Turbo-Abitur

Ein Berg von Hausaufgaben

Ein Kommentar von Nina Grunsky

Die Rechnung der Schulministerin scheint aufzugehen. Mit dem Runden Tisch Schule gelingt es Sylvia Löhrmann offenbar, eine große Mehrheit zumindest von Funktionären für das Turbo-Abitur zu gewinnen.

Allerdings enthält das Kalkül noch eine große Unbekannte: Ob es nämlich am Ende tatsächlich gelingt, dass aus den recht schwammigen Empfehlungen konkrete Erlasse und Vorgaben werden, die Kindern und Eltern den Alltag erleichtern. Andernfalls nämlich sind Väter und Mütter, Schülerinnen und Schüler nicht für das Abitur nach acht Jahren Gymnasium zu begeistern. Zwar sind Meinungsumfragen mit Vorsicht zu genießen: Eine Studie des Forsa-Instituts aus dem Frühjahr allerdings sollte der Ministerin zu denken geben, derzufolge drei Viertel der Bürger in NRW die verkürzte Schulzeit ablehnen. Löhrmann hat also noch einen Berg von Hausaufgaben zu erledigen.

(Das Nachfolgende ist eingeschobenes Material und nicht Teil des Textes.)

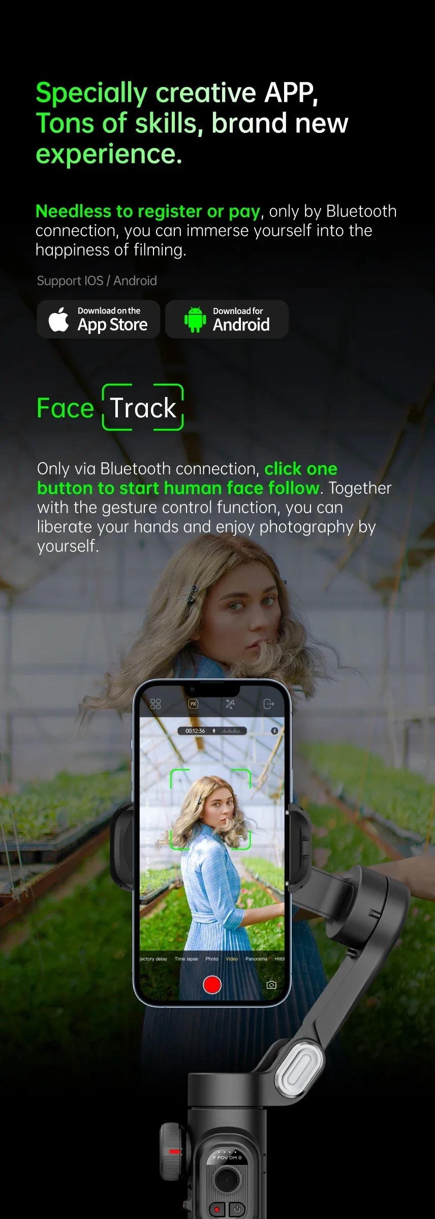 With Bluetooth connectivity, controlling your gimbal is seamless and intuitive. The 3-axis stabilization ensures smooth panning, rolling, and tilting, while its lightweight plastic construction (350g) makes it easy to carry anywhere. The gimbal supports multiple languages, including English, Japanese, French, Spanish, German, Russian, Korean, and Dutch, making it accessible for global creators.
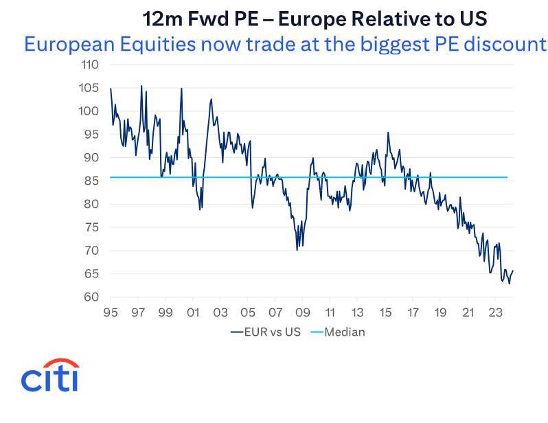 Tendo em conta esta métrica, as ações norte-americanas estão a transacionar com um prémio próximo de 70% face às europeias, o que, só por si, não significa que as ações europeias estejam mais baratas (ou as norte-americanas mais caras). Mas o múltiplo do S&P500 está bem acima da média, enquanto o índice europeu mais alinhado com os dados históricos. O Citigroup, um dos bancos que atualmente prefere as ações europeias face às norte-americanas, calcula que o diferencial entre o PER dos dois índices nunca foi tão largo, como é percetível na imagem em baixo.
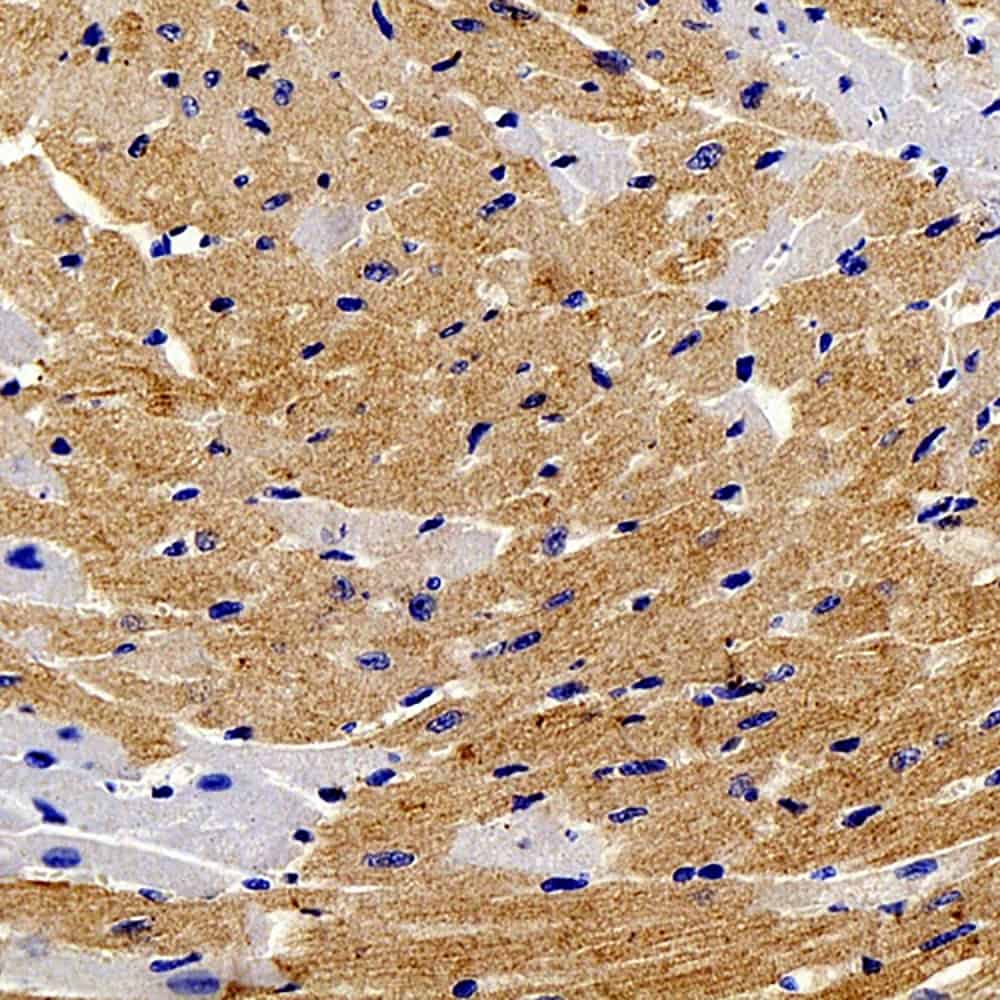 Immunohistochemistry analysis of paraffin-embedded mouse heart using TNNT2 Polyclonal Antibody at dilution of 1:200.

Umzudrehen scheint der verkehrte Weg. Zurück zum alten System – das wäre wohl eine zu große Belastung für Schüler, Lehrer und Eltern. Nicht nur an den Gymnasien, sondern auch anderen Schulformen, die in Mitleidenschaft gezogen würden. Wer unbedingt möchte, hat im Übrigen die Wahl, kann neun Jahre auf die Gesamtschule oder Modellgymnasien gehen. Zwar nicht immer halbtags, aber vielleicht mit mehr Ruhe im Ganztag.